Minimum Spanning Tree Statistics#

The minimum spanning tree (MST), a graph constructed from a distribution of points, draws lines between pairs of points so that all points are linked in a single skeletal structure. The structure/tree contains no loops and the minimal possible total edge length.

An example MST constructed from a random subset of points.

Measuring the MST with the MinimumSpanningTree class#

To MinimumSpanningTree class is imported from acm.estimators.galaxy_clustering.mst:

from acm.estimators.galaxy_clustering.mst import MinimumSpanningTree

To initialise and setup the MST class

mst = MinimumSpanningTree()
# Jitter dispersion scale, the point-process smoothing scale
sigmaJ = 3.
# Size of the box for the simulation data set
boxsize = 1000.
# Order of the maximum percolation statistics
Nthpoint = 10
# OPTIONAL: origin of the box.
origin = 0.
# OPTIONAL: Divide the box, to compute the MST in subboxes.
split = 1
# OPTIONAL: The number of iterations to marginalise over the stochasticity from the jitter dispersion.
iterations = 1
# OPTIONAL: The number of bins used for the MST distributions. 
quartiles = 50
# Setup MST
mst.setup(sigmaJ, boxsize, Nthpoint, origin=origin, split=split, iterations=iterations, quartiles=quartiles)

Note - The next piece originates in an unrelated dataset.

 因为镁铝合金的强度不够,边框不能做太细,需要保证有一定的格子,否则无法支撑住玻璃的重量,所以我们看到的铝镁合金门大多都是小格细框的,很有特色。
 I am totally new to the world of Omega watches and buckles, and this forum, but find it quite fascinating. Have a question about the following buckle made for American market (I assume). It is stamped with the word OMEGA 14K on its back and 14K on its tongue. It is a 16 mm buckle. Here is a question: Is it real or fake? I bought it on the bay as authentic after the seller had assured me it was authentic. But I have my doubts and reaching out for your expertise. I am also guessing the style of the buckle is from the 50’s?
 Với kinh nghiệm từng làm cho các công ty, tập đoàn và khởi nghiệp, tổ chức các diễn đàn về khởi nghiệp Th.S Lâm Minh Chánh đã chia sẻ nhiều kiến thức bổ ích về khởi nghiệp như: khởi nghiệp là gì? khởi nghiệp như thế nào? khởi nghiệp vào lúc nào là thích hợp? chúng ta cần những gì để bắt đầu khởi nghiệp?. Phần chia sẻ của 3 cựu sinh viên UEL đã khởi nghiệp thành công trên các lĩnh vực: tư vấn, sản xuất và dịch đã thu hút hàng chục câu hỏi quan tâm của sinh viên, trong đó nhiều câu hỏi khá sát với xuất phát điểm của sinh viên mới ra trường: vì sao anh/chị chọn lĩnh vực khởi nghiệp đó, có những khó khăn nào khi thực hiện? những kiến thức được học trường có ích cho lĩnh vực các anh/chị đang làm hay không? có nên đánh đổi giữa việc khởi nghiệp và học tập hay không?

The class can be used to compute percolation statistics, which are a way to characterise paths eminating from a single point.

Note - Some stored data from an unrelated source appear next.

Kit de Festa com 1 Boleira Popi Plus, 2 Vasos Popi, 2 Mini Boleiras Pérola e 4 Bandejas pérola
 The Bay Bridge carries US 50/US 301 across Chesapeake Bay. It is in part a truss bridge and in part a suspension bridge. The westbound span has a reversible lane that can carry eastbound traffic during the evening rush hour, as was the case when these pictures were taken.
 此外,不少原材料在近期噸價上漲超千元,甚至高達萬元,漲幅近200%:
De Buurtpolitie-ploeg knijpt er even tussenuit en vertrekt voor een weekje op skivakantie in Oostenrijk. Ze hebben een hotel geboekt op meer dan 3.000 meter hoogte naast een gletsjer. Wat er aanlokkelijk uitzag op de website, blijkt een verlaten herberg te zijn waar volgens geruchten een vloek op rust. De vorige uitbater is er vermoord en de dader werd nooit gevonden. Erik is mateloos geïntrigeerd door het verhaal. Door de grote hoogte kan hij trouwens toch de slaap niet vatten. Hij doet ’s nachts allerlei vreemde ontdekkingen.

The percolation paths from a point marked by 'x'. The colormap corresponds to the number of edges percolating along the MST from a single point. The lengths of the paths and the straightline distance between end points are extracted to measure properties of the MST.

Compute the MST statistics with, where the positions are inputed as pos where x=pos[:,0], y=pos[:,1] and z=pos[:,2].

mstdict = mst.get_percolation_statistics(pos)

Where mstdict is a dictionary containing the percolation statistics:

mstdict['mst1pt'] # which gives the distribution of the MST edge lengths.
mstdict['mst2pt'] # which gives the distribution of 2 edges in the MST.
mstdict['end2pt'] # which gives the distribution of the distances between the end points of the associated 2 edges.

For the next N-points you can get the statistics for the N-th edge distributions using:

mstdict['mst%ipt'%N]
mstdict['end%ipt'%N]

and to plot all the outputs:

plot_percolation_statistics(mstdict)

The distribution of the percolation paths. The solid lines correspond to the distance along the MST, and the dashed lines the direct distances between the end points of the paths.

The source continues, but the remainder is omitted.